HOW TO COMPLETE THIS TASK: After locating the line with "シルバー 光沢 へそ出し" in the data that follows, return it and every later line exactly, up to and including the line with "basta passare delicatamente".

DATA TO USE:
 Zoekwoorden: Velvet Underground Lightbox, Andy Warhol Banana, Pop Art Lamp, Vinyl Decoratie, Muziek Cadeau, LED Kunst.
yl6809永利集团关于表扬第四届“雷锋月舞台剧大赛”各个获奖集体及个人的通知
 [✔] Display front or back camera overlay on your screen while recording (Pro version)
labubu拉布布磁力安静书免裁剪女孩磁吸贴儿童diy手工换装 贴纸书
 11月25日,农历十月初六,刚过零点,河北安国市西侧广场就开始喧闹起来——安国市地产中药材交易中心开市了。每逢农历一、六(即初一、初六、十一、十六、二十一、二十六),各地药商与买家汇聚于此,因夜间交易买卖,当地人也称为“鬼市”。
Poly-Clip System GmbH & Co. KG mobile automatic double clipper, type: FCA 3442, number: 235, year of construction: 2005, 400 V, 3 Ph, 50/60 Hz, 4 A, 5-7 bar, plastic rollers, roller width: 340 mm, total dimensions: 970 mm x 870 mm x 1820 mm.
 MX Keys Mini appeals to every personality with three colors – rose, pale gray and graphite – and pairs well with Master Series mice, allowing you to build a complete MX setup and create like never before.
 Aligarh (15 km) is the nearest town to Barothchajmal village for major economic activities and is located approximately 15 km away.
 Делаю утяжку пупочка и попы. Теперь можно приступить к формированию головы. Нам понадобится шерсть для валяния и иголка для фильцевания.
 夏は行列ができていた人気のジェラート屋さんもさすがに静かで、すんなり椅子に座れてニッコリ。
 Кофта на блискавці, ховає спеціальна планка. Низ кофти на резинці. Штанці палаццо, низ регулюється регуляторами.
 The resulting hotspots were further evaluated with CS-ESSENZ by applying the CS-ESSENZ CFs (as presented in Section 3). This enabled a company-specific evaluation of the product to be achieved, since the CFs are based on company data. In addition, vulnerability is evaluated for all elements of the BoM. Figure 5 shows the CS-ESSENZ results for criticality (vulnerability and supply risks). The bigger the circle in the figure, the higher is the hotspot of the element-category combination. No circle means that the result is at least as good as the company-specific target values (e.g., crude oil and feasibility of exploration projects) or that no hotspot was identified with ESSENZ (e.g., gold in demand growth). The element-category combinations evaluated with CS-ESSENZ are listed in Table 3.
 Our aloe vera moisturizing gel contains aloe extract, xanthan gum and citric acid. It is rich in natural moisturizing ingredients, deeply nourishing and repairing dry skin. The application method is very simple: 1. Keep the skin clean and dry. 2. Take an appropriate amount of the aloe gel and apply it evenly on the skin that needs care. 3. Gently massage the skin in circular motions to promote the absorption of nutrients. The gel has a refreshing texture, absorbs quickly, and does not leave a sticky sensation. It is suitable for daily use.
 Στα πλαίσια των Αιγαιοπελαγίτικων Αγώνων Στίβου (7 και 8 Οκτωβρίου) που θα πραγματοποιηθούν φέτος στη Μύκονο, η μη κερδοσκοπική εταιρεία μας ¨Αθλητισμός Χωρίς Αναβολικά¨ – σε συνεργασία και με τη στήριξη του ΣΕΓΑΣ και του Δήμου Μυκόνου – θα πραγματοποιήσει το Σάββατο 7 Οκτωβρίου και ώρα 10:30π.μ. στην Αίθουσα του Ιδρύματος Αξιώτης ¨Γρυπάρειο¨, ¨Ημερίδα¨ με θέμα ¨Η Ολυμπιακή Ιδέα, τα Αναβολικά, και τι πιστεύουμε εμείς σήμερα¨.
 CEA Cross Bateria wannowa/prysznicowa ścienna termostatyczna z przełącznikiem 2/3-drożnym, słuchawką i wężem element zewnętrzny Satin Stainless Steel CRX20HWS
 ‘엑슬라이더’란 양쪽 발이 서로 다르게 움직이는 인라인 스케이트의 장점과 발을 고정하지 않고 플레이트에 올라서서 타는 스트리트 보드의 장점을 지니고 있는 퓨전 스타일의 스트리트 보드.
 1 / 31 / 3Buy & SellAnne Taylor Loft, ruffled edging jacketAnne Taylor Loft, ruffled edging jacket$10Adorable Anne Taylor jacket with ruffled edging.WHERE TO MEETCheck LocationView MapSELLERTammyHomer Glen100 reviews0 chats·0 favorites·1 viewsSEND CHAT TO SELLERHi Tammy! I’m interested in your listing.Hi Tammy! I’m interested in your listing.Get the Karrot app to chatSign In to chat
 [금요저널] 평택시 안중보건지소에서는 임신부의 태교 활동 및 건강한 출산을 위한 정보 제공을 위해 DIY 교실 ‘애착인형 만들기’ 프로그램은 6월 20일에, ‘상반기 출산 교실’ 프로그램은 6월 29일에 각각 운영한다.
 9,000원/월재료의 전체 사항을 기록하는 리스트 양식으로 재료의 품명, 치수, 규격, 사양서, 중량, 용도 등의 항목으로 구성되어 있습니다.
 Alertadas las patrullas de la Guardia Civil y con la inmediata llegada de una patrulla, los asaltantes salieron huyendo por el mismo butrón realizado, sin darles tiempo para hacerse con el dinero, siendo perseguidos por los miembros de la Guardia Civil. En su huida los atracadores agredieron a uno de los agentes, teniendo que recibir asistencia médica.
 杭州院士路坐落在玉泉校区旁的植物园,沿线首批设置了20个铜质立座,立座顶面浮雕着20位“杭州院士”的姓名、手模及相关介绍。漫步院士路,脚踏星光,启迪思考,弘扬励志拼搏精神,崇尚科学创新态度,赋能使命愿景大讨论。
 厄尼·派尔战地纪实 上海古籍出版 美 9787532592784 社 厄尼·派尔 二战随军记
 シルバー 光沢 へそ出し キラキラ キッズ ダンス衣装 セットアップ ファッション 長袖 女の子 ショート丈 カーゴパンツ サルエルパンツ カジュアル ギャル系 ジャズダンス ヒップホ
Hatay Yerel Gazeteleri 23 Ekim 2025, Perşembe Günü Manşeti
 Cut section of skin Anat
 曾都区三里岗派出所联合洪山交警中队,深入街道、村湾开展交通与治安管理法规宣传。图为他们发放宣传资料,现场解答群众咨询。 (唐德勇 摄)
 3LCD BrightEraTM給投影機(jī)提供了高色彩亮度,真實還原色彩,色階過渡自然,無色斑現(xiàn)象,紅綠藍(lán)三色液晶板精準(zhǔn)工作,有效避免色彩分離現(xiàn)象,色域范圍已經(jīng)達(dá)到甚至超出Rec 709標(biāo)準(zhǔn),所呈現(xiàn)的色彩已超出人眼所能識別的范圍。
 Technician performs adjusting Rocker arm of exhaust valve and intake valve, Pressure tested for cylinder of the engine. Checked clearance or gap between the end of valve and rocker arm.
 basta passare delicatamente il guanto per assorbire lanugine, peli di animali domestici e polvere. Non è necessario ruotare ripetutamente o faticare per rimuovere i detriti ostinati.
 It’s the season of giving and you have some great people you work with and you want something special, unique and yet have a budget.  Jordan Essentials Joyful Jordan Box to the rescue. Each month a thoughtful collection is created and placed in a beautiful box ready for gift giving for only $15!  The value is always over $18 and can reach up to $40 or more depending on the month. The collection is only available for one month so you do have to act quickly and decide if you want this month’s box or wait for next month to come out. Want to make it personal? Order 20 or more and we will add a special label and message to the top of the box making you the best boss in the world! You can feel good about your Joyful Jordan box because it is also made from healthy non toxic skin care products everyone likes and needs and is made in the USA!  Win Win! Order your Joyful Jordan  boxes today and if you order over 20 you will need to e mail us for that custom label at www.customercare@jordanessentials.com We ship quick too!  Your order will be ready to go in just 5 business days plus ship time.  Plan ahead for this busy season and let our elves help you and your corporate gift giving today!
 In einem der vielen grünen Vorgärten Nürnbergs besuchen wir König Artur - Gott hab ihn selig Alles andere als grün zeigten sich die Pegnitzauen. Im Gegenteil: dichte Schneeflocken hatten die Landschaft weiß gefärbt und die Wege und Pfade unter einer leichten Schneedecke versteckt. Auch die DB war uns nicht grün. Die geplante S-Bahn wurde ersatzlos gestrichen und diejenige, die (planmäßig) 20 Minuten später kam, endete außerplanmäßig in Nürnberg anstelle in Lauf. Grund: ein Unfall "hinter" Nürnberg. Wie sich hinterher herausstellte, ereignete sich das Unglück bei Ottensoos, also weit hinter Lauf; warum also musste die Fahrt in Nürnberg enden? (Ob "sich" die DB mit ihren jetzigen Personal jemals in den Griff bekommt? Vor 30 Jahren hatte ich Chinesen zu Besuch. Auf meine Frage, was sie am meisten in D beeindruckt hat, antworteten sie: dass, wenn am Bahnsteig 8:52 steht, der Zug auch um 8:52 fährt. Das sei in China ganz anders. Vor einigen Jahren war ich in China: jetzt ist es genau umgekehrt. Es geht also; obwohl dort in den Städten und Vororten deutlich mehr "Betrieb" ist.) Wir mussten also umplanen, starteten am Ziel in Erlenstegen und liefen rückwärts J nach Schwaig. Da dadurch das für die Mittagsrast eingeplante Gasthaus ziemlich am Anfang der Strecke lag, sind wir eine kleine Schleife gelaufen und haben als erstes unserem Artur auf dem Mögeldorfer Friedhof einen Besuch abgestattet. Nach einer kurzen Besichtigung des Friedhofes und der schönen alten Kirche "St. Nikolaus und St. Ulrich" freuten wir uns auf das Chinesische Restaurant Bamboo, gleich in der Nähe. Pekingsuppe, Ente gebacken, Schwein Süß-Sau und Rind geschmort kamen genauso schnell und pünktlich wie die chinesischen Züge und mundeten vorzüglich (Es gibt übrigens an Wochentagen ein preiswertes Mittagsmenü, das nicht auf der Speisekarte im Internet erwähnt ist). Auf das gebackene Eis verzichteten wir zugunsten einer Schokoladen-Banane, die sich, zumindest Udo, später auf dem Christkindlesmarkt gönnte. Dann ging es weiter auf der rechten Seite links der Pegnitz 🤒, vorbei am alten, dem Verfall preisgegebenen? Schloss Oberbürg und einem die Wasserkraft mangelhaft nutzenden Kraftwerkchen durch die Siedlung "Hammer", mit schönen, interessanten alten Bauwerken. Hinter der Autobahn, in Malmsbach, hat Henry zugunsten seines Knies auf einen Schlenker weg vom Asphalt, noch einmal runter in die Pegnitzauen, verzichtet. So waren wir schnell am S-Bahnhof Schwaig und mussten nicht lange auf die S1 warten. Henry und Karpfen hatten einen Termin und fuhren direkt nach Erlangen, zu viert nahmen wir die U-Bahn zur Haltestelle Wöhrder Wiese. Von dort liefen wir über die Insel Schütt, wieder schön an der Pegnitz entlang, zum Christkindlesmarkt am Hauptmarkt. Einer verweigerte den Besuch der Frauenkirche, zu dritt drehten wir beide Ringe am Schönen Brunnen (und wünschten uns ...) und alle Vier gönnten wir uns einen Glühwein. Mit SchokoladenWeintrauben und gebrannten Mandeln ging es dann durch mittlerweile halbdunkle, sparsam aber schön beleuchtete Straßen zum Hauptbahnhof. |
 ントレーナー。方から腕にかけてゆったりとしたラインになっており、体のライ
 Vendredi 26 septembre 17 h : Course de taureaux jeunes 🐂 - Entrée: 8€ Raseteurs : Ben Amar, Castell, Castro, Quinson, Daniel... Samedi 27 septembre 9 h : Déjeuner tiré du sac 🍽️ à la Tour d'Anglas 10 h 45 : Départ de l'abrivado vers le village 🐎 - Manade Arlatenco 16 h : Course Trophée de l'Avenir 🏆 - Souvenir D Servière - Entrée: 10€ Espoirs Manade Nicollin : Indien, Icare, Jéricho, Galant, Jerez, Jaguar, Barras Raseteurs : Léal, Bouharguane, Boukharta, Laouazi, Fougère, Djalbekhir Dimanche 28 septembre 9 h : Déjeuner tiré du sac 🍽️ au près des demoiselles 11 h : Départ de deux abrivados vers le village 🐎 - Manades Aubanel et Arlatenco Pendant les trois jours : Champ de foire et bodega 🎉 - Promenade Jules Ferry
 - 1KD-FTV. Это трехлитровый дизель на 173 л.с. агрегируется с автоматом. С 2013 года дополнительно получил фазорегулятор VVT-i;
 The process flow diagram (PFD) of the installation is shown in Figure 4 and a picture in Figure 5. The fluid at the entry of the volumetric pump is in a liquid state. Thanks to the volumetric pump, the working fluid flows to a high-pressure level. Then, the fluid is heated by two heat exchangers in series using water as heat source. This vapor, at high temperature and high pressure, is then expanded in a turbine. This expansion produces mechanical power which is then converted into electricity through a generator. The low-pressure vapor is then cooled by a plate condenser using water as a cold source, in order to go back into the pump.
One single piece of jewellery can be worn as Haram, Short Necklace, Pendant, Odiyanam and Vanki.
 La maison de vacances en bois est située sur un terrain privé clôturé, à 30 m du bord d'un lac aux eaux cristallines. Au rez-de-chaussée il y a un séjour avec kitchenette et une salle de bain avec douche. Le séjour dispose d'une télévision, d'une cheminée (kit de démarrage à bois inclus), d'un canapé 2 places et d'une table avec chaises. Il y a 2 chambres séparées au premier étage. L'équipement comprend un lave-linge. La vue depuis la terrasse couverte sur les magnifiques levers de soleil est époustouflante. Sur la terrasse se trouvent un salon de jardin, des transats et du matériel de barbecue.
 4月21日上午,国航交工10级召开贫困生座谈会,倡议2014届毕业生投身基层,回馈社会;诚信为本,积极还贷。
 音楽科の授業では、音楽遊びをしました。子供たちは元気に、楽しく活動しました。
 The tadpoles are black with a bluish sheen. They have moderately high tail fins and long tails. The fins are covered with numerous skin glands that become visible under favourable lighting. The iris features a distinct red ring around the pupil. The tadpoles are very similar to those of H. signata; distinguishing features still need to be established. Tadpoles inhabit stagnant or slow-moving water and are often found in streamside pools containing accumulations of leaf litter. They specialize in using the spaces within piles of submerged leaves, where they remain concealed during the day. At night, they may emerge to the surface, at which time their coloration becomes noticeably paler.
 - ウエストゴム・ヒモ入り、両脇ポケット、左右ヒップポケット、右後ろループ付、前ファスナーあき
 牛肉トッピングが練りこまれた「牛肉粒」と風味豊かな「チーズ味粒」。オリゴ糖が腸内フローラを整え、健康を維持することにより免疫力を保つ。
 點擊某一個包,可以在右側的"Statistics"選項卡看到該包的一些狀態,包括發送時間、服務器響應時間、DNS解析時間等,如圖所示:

RESULT:
 シルバー 光沢 へそ出し キラキラ キッズ ダンス衣装 セットアップ ファッション 長袖 女の子 ショート丈 カーゴパンツ サルエルパンツ カジュアル ギャル系 ジャズダンス ヒップホ
Hatay Yerel Gazeteleri 23 Ekim 2025, Perşembe Günü Manşeti
 Cut section of skin Anat
 曾都区三里岗派出所联合洪山交警中队,深入街道、村湾开展交通与治安管理法规宣传。图为他们发放宣传资料,现场解答群众咨询。 (唐德勇 摄)
 3LCD BrightEraTM給投影機(jī)提供了高色彩亮度,真實還原色彩,色階過渡自然,無色斑現(xiàn)象,紅綠藍(lán)三色液晶板精準(zhǔn)工作,有效避免色彩分離現(xiàn)象,色域范圍已經(jīng)達(dá)到甚至超出Rec 709標(biāo)準(zhǔn),所呈現(xiàn)的色彩已超出人眼所能識別的范圍。
 Technician performs adjusting Rocker arm of exhaust valve and intake valve, Pressure tested for cylinder of the engine. Checked clearance or gap between the end of valve and rocker arm.
 basta passare delicatamente il guanto per assorbire lanugine, peli di animali domestici e polvere. Non è necessario ruotare ripetutamente o faticare per rimuovere i detriti ostinati.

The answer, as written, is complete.